A mon tour (parce qu’ils le valaient bien), j’ai essayé de voir sur eux le type même du xénophobe rustique, primaire, emmitouflé dans son drapeau suisse. J’ai échoué. Ce couple n’avait rien de particulier. Il manifestait ce racisme ordinaire, banal et, de ce fait, terrible.
Soyons réalistes. Dans nos contrées, la majorité des votants s’exprime en défaveur des étrangers.

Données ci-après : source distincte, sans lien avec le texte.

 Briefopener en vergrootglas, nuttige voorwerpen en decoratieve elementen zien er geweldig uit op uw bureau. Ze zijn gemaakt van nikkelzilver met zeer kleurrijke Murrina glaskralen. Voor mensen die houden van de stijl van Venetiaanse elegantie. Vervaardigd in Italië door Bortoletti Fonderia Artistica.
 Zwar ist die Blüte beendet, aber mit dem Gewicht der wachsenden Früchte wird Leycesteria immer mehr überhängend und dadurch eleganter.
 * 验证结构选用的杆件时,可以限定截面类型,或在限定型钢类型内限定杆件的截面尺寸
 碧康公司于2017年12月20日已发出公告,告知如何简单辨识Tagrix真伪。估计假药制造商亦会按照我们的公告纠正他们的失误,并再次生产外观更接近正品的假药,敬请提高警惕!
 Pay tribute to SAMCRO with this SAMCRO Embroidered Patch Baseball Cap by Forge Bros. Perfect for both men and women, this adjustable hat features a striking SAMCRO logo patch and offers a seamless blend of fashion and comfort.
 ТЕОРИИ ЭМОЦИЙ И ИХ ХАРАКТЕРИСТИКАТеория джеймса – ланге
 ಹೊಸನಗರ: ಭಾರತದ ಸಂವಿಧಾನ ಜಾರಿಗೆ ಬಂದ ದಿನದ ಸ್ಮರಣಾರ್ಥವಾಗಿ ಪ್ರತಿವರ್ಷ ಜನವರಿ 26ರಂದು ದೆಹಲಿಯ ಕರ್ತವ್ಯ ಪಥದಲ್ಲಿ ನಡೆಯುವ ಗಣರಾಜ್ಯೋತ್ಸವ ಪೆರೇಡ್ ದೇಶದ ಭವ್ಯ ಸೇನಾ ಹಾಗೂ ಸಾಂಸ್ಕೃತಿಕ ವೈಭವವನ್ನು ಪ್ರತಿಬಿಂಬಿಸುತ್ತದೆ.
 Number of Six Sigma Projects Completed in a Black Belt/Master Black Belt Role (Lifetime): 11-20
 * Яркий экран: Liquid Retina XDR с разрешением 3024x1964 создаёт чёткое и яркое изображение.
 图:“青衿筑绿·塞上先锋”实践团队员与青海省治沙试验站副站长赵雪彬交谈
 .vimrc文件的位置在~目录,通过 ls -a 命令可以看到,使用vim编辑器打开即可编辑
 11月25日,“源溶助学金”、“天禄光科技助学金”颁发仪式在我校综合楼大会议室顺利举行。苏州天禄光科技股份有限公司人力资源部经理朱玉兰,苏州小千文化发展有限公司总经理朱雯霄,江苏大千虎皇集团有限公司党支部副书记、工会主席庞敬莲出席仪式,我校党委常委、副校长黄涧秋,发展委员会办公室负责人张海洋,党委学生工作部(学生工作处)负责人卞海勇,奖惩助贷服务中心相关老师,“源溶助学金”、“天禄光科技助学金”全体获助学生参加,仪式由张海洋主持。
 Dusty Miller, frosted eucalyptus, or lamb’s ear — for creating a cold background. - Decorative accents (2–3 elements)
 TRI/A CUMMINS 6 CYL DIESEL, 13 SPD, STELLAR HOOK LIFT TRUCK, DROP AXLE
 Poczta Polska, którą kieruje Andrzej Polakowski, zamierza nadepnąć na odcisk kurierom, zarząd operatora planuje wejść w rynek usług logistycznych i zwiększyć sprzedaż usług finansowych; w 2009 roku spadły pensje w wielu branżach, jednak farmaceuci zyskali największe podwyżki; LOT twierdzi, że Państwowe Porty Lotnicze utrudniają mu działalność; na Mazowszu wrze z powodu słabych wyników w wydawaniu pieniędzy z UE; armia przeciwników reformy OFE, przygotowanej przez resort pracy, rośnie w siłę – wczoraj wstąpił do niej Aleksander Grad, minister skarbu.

Ne cherchons pas au loin celui qui réélira cet automne certains politiques dont les idées frustes ou agressives concernant les étrangers font frémir. Ce votant est là, tout près, pas dans le tréfonds de la Suisse centrale: un couple dans le train, notre voisine, notre collègue de travail, notre frère. Il accepte des initiatives populaires immodérées qui s’assoient sur notre démocratie: du renvoi des étrangers dits criminels à l’interdiction des minarets. Il soutiendra une nouvelle initiative contre l’immigration de masse. Concrètement, objectivement, c’est quoi l’immigration «de masse» dans notre région? Ce couple votera afin d’exprimer son appréhension face à cet homme sur le quai de gare, qu’il ne connaît pas. Il le verra comme le coupable idéal de ses problèmes, réels ou imaginaires, aussi longtemps qu’un message d’autorité ou de tolérance ne les résoudra pas.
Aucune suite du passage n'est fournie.